In the opening pages of his book Kashmir: The Vajpayee Years, AS Dulat wrote about the murder of a young Hindu businessman in 1990 and claimed that it was less about militancy and more about an honour killing to avenge his affair with a Muslim woman of an affluent family. The claims have never been discussed in public. Would the dominant Kashmiri narrative about the present controversy in the valley have shaped differently if the woman in question was Muslim and the man a non-Muslim? The answer is in the affirmative.
The society (irrespective of caste and class affiliations), the political class, and the state’s agencies all collaborate to militate against the provisions of the constitution and declare such wedlocks illegitimate. An interesting hierarchy is also noteworthy. Men marrying outside caste and religion would be a little more acceptable than women doing so.

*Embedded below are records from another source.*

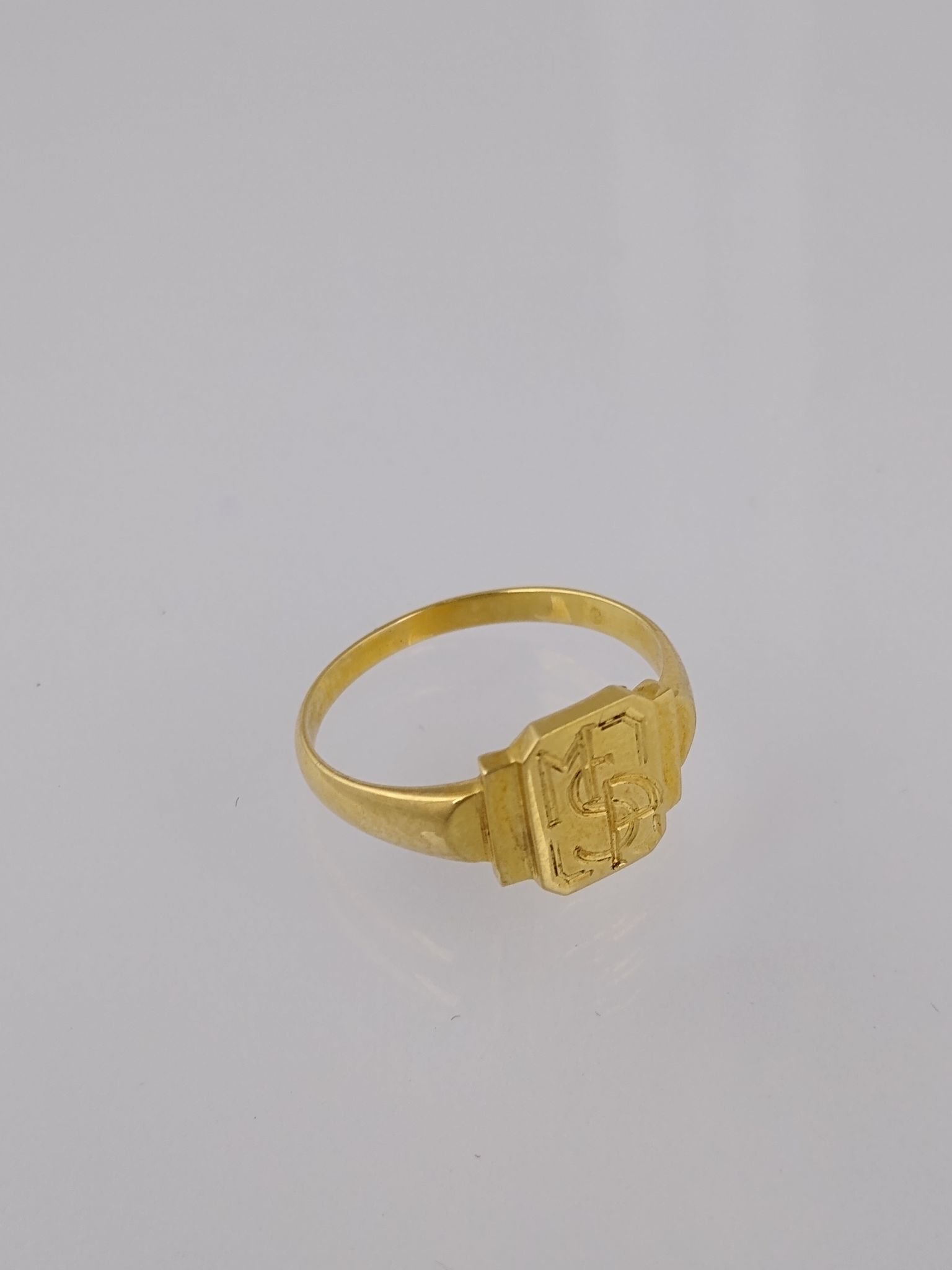 Anillo para niña en oro 18 K amarillo con iniciales «M.S.» grabadas. Peso 1.4 gr.
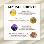 Enriched with the richness of slow-churned, 100 times washed pure ghee & real 24K gold, the luxurious Deep Nourishing Body Butter leaves your skin intensely moisturised & beautifully radiant. Infused with bakuchiol & 6 Ayurvedic herbal actives like Majith, Naagkesar, Neelkamal, Mulethi, Chandan & Priyangu - this body butter is an ideal pick for dry, winter season as it helps fight signs of ageing, improve skin elasticity & add a healthy glow.
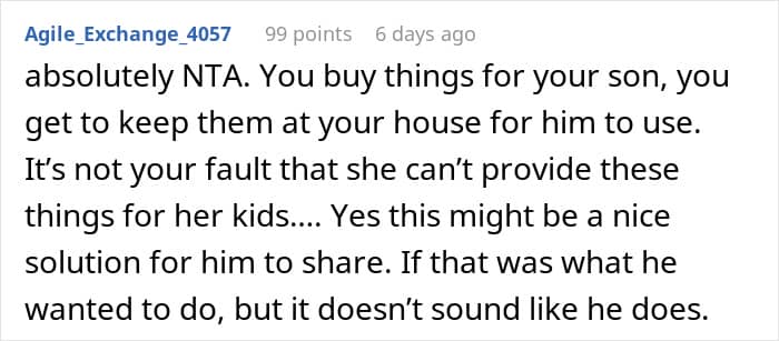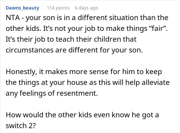 The situation reached a boiling point over the purchase of a Switch 2. The father bought the console for his ten-year-old son, but the ex-wife demanded it be brought to her house so her other four children could use it for family gaming. This highlights a massive issue regarding property and autonomy. When a parent buys an expensive gift, they have every right to decide where that gift stays, especially if there is a history of items being broken or lost at the other house. Keeping high-value items at one location isn’t about being petty, it’s about asset management and ensuring the child actually gets to enjoy their gift without it becoming a source of conflict or a casualty of a chaotic household.

If it is a woman marrying outside her community, it is treated as an onslaught on the very edifices of religion. The woman is first the property of the parents, and then of the community or caste she belongs to. She is forbidden to have agency. What law says in the matter becomes irrelevant on the ground. The society is governed by its own rule of deeply embedded patriarchy. Patriarchy is sanctioned by society, not by law.
The Kashmir story is no different. It appears to have been triggered by a political agenda with national-level representatives of the Sikh bodies suddenly dashing for Kashmir to “rescue” the woman, building up a narrative with layers of exaggerations and packing in a few more cases, most of which were falsified by the woman they named, to make it look like a conspiracy. It is a clear extension of the “love jihad’ politics pivoted around a blend of hate and patriarchy from mainland India into Kashmir.
Interestingly, while Sikhs bear some brunt of the majoritarian Hindu politics, “love jihad” brings them closer to the majoritarian Hindus against a common Muslim enemy. It serves political dividends for the Hindu right-wing in the run up to assembly polls in Uttar Pradesh and Punjab. It also serves to perfect the machinery of divisive politics in Jammu and Kashmir, where both delimitation and elections are on cards. The J&K elections are worthless in light of the fact that the levers of power are now directly under the control of New Delhi but they hold a symbolic value for the BJP propelled by the desire to bring to power the first Hindu chief minister of a truncated and demoted region. “Love jihad” in its backyard is grist for the mill.
Intolerance to the idea of mixed marriages and denial of agency to women predate the politics of “love jihad” and the politics of hate. Though divisive politics is often reinforced by using this intolerance and amplifying it in its ugliest form, the latter has always existed – in muted or more visible forms – and its core essence is patriarchy. One cannot challenge the regressive politics of hate without challenging patriarchy.
For now, the “do-gooders” in Kashmir have stepped in talking about “communal harmony” and patting themselves on the back for resolving the issue and soothing the frayed nerves by handing back the girl to her community to decide and do as the latter pleases with her. At the altar of this evasive peace is sacrificed the rule of law, the constitutional right to equality, and the woman. Who cares for her anyway? For the sake of calm, which cannot sustain without challenging both the politics of hate and crutches of patriarchy it leans on to stand, she must be annihilated in a rejoiceful mass ritual.